Aim of the task: Only one stretch of the data below should be repeated: the lines from the line containing "2022世界杯小组赛第三轮,威尔士0-3" through the line containing "Schematic diagram of", inclusive, exactly as they are.

Data shown:

◆ ◆ ◆ ◆

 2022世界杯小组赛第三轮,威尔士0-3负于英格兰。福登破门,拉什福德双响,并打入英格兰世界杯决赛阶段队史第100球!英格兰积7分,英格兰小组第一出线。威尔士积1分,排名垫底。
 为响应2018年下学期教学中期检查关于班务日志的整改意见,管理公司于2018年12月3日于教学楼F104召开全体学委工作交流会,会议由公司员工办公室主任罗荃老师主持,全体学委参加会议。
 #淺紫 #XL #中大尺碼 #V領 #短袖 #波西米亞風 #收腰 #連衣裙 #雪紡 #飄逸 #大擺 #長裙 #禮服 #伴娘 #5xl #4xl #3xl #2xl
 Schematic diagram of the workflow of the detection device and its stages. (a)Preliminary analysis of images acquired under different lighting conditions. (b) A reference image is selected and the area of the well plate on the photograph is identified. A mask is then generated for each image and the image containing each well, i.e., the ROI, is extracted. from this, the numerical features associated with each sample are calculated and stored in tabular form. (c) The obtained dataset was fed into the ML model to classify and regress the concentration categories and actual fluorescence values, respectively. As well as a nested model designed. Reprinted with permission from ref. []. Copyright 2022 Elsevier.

◆ ◆ ◆ ◆

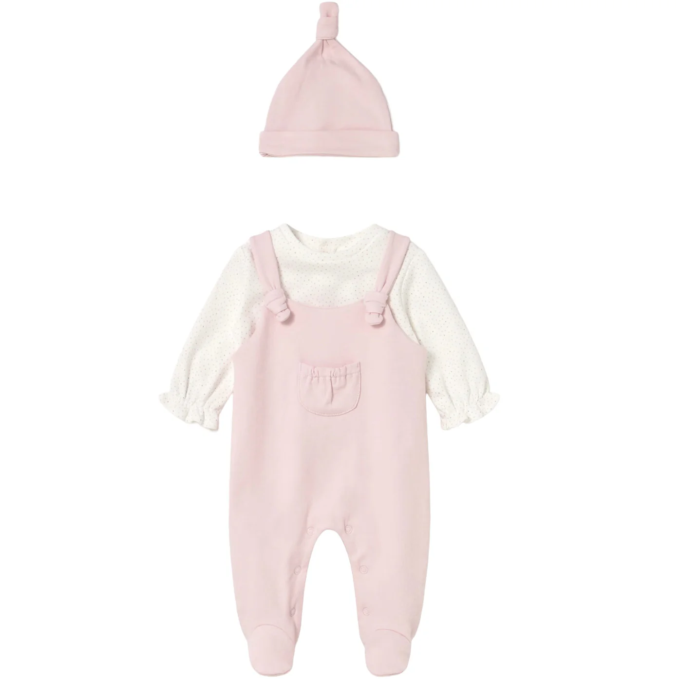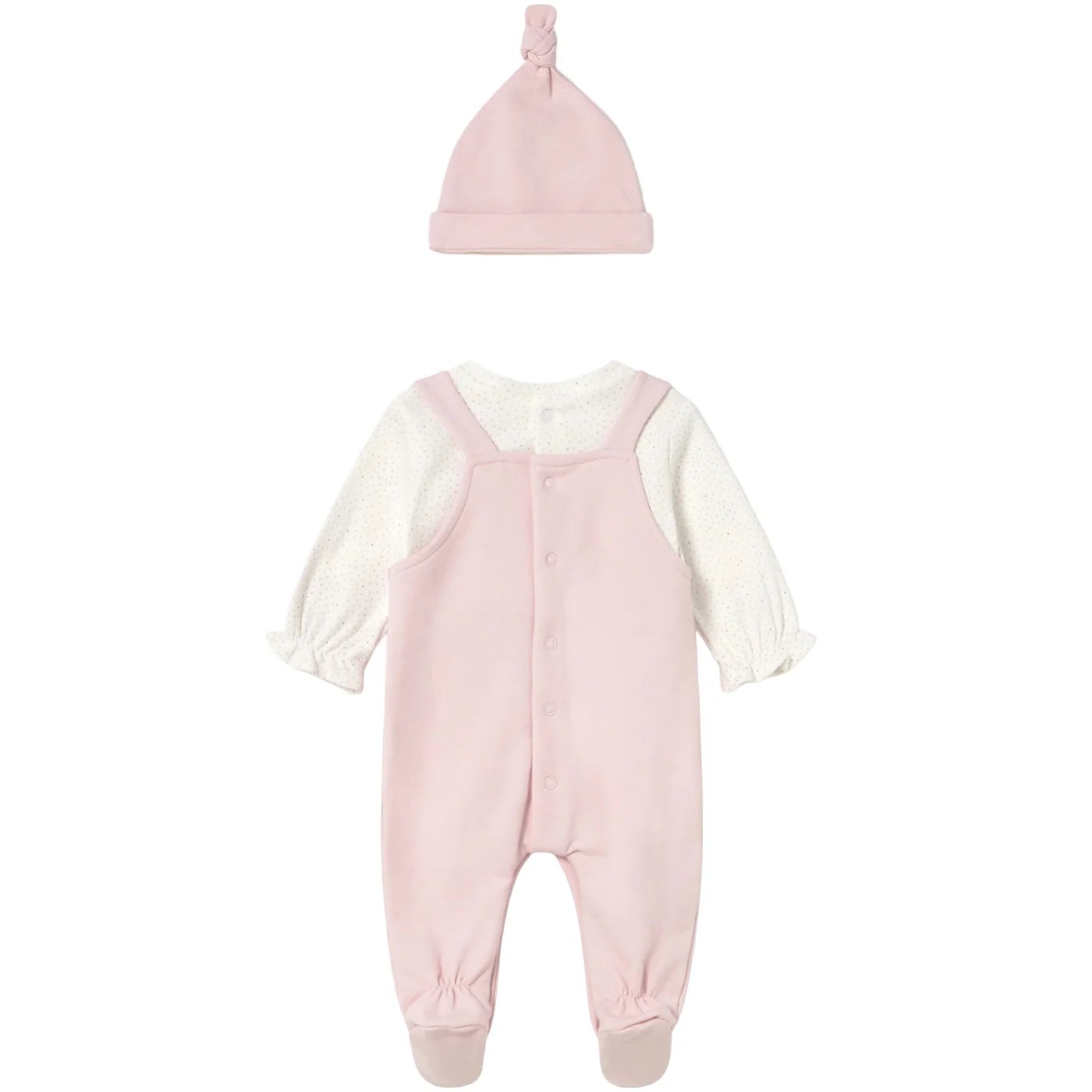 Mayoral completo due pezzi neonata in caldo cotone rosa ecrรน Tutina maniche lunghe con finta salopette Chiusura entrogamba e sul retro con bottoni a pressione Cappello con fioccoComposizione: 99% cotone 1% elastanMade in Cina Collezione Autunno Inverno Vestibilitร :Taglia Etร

◆ ◆ ◆ ◆

The completed task:
 2022世界杯小组赛第三轮,威尔士0-3负于英格兰。福登破门,拉什福德双响,并打入英格兰世界杯决赛阶段队史第100球!英格兰积7分,英格兰小组第一出线。威尔士积1分,排名垫底。
 为响应2018年下学期教学中期检查关于班务日志的整改意见,管理公司于2018年12月3日于教学楼F104召开全体学委工作交流会,会议由公司员工办公室主任罗荃老师主持,全体学委参加会议。
 #淺紫 #XL #中大尺碼 #V領 #短袖 #波西米亞風 #收腰 #連衣裙 #雪紡 #飄逸 #大擺 #長裙 #禮服 #伴娘 #5xl #4xl #3xl #2xl
 Schematic diagram of the workflow of the detection device and its stages. (a)Preliminary analysis of images acquired under different lighting conditions. (b) A reference image is selected and the area of the well plate on the photograph is identified. A mask is then generated for each image and the image containing each well, i.e., the ROI, is extracted. from this, the numerical features associated with each sample are calculated and stored in tabular form. (c) The obtained dataset was fed into the ML model to classify and regress the concentration categories and actual fluorescence values, respectively. As well as a nested model designed. Reprinted with permission from ref. []. Copyright 2022 Elsevier.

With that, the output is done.